Молодец Спасский, подумал Воронов. Так легко и с такой улыбкой срезал своего бывшего научного руководителя, что, во-первых, Равченя не обиделась, а во-вторых, поняла, что Спасский поддерживает Воронова. А Спасский – гордость Равчени и непререкаемый авторитет.

Все смотрели на Макарова, ожидая, что он скажет. Макаров сидел против Воронова, удобно вытянувшись в кресле.

– Английский философ прошлого века Джон Стюарт Милль сказал однажды, что его век – это век посредственностей и время это – время посредственностей – необратимо. – Макаров говорил тихо, и это шло от уверенности, что его, Макарова, станут слушать все. – То есть философ сказал, что ежели наступило время массовидного сознания, то время это необратимо. И все наши попытки индивидуализации человека ни к чему не приведут. Мы можем сейчас говорить: «Назад к отдельному человеку», как время от времени повторяется лозунг «Назад к природе». Назад ходить невозможно.

Макаров замолчал, и все терпеливо ждали, что же он скажет дальше. Он неторопливо набил новую трубку, раскурил ее, причмокнул губами и продолжал:

– Путь, который нам сегодня предлагается, мне кажется неверным. Нам необходимо идти не от общего сердца к отдельному, но напротив же – от отдельного как раз к общему. И да простит меня Николай Алексеевич, – вежливый глубокий поклон в сторону Воронова, – предложения его эффектны, в них есть красивые частности, но они неверны по сути. Нам необходимо знать общие биологические законы. Нам не дробить надо, но обобщать.

Воронов взглянул на Спасского и увидел, что тот спокоен, уверен в себе. Он удивленно встретил взгляд Воронова, чуть поднял брови и глазами показал на Панкова – спокойно, вот сейчас вступит Панков, и все идет, как предсказывал он, Спасский.
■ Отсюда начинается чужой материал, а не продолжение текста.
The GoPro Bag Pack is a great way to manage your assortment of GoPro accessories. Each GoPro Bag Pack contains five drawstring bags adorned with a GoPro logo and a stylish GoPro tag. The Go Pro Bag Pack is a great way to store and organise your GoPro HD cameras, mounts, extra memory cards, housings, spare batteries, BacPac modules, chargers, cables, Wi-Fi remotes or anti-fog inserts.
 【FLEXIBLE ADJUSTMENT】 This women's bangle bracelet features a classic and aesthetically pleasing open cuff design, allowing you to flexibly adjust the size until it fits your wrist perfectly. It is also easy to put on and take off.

– Борис Васильевич, конечно же, прав, – сказал Панков. – Безусловно, нам необходимо знать общие биологические законы. Я лишь скажу о том, что меня больше всего подкупает в предложениях Николая Алексеевича. Вот именно создание типов сердца. Индивидуальность каждого сердца. И как следствие – индивидуальное лечение.

Панков сидел, упираясь локтями в подлокотники кресла, отчего плечи его поднялись и без того короткая шея напряглась. Он наклонил вперед свое крепкое тело, и казалось, что крутым лбом Панков таранит невидимого противника.
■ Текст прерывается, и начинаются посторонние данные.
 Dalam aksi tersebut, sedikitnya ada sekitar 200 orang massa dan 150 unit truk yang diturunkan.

– Мне не нравится, что в нашем лечении мы бросаемся из крайности в крайность. Мы назначаем слишком много лекарств. Мы знаем, как действует каждое отдельное лекарство, но не знаем, как поведут себя лекарства вместе, и мы не знаем, что будет с клетками через некоторое время. Мы слишком смелы в назначении лекарств, и что же удивляться кандидозам, заболеваниям крови, диабетам. Так что дай бог дожить до времени, когда мы будем бить по цели не приблизительной, но наверняка, рассчитанной, – и Панков, показывая, что он закончил, чуть заметно кивнул Соснину.

– Спасибо, Дмитрий Ильич, – сказал Соснин.
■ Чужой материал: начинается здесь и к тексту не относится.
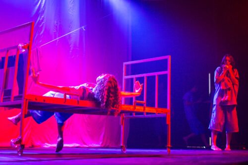 Na plateia, não havia distância segura. Os personagens se escondiam, eram perseguidos. Fugiam. Se misturavam ao público entre as cadeiras. Eram caçados por figuras que representavam médicos, enfermeiros, psiquiatras. A cena simulava contenções, choques, punições. Tudo muito próximo. Tudo muito real. Ninguém piscava. Ninguém desviava o olhar. A encenação dissolvia o limite entre palco e plateia. Ninguém assistia de fora.

Лицо Соснина было печально, он устало и даже как-то удивленно смотрел на своих сотрудников.

Воронов понимал, что Соснин мог бы направить это обсуждение в другое, более удобное для себя русло, сделать это нетрудно, потому что Соснин все-таки лучше всех знает кардиологию, он мог бы умно, тактично обратить внимание присутствующих на недостатки работы и незаметно свести совещание к обсуждению частных проблем, но Воронов понял, что Соснин, однажды высказав ему свое мнение, хотел дать высказаться всем сотрудникам, не навязывая им своих мнений, не давя на них своим авторитетом, и Воронов был благодарен ему за это.

– Я согласна с Дмитрием Ильичом, – сказала Анна Семеновна Равченя. – Мы сейчас можем только мечтать об индивидуальном подходе к каждому больному. Что мы советуем больному, перенесшему инфаркт миокарда? Такое-то питание, такой-то режим, такая-то физкультура. Всем больным я говорю почти одно и то же. Поверьте, я даю замечательные советы, их беда только в том, что это общие советы. Больные к ним и относятся как ко всем общим советам. И пока у нас будет интуиция, а не точное знание, наши советы не будут единственно верными и точными.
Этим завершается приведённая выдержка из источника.